Pfarrer Thomas Markert

Pfarrer Thomas Markert

Chaos-Typ oder Ordnungsfreak? Zu welcher Gattung Mensch gehören Sie? Ich gehöre ganz klar auf die Seite Ordnungsfreak. Der Schreibtisch muss frei sein, die rumliegenden Zeitungen wenigstens zum Stapel geordnet und das Chaos in der Küche zumindest halbwegs im Griff. Vorher kann ich nicht kreativ sein. Und gerade heute, wo die Andacht für den Pließnitzkurier dran ist, warten wir auf einen neuen Herd. Und warten. Warten immer noch. Schränke beiseite gerutscht, die Tische liegen voll mit Krimskrams, Werkzeug, Holzverblendungen stehen im Weg, kaum noch Platz für eine Kaffeetasse – für mich ein denkbar ungünstiges Umgebungsbild für kreative Gedanken und Aufgaben. Kann ich vielleicht einfach über das Durcheinander hinwegsehen? Die Ungeduld ausblenden? Küchentür zu und dann geht es los?

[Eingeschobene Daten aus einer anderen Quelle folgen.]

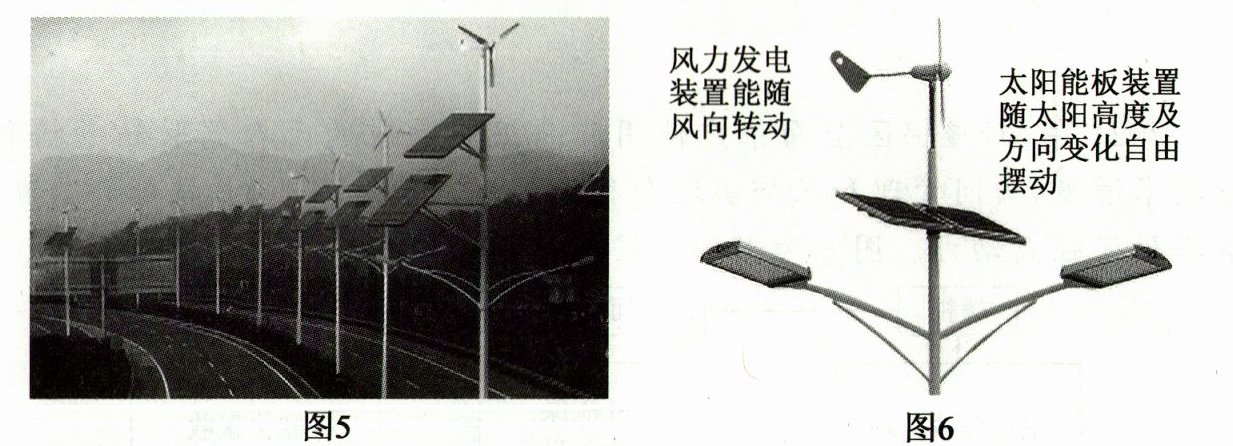 风光互补型智慧路灯是指将风光互补系统技术融入智慧路灯中,该智慧路灯采用风力和太阳能发电,以提供照明能源,全程无需外接电源,可实现电能自给自足。读图5和图6,完成14—15题。
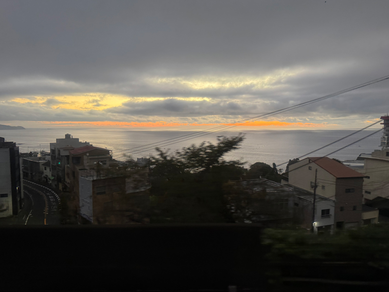 目を覚ますと、列車はすでに熱海を過ぎたあたり。窓の外には相模湾の水平線が広がり、空が少しずつ白んでいきます。

Ich spule innerlich nach vorn, Richtung Weihnachten. Weihnachtsandacht! Und habe den Eindruck, dass mich und viele da auch so eine Sehnsucht nach Ordnung antreibt: Weihnachten, das ist der Moment wo alles geschafft ist. Advent ist dafür der lange Erledigungsanlauf. Und bis zum Nachmittag des Heilig Abend muss alles erledigt, aufgeräumt, organisiert und abgearbeitet sein. Der Heilige Abend als der Abend im Jahr, an dem endlich einmal alles geschafft ist. Gedanken und Hände ausruhen, nichts mehr offen, den Dingen ab jetzt wenigstens für ein paar Tage ihren freien Lauf lassen, und es ist gut so. Wenigstens dieses eine Mal. Tief durchatmen. Alles sacken lassen. Ja. Und jetzt? Ähm. Naja… Die eingearbeitete Zeit bewusst und neu und anders füllen? Die  gewohnten Bahnen einfach mal verlassen? Gar nicht so leicht: Sich einfach mal hinsetzen und nichtstuend eine gute CD anhören; wirklich Zeit haben für die Kinder, damit sie mit dem geschenkten Spielzeug nicht nur sich selbst überlassen sind; sich auf‘s Sofa pflanzen mit einem guten Buch, für eine, zwei, sogar drei Stunden; die frohe Weihnachtsbotschaft ganz gezielt in einem Gottesdienst suchen und finden; eine Brise Zeit zum Beten haben – einfach mal so und zugleich ganz beabsichtigt – Danken für den Frieden hier und die Bewahrung der Familie, Gott auch das Schwere anvertrauen und die Kinder und die Menschen, die uns am Herzen liegen; das eigene Leben auch innerlich einmal ganz aus den Händen legen. Ups, ist gar nicht so leicht, die eingearbeitete Zeit so neu und gezielt zu füllen. Sich dabei auch erfüllen zu lassen. Den Frieden der Weihnachtsgeschichte in das eigene Leben hinein wirken lassen.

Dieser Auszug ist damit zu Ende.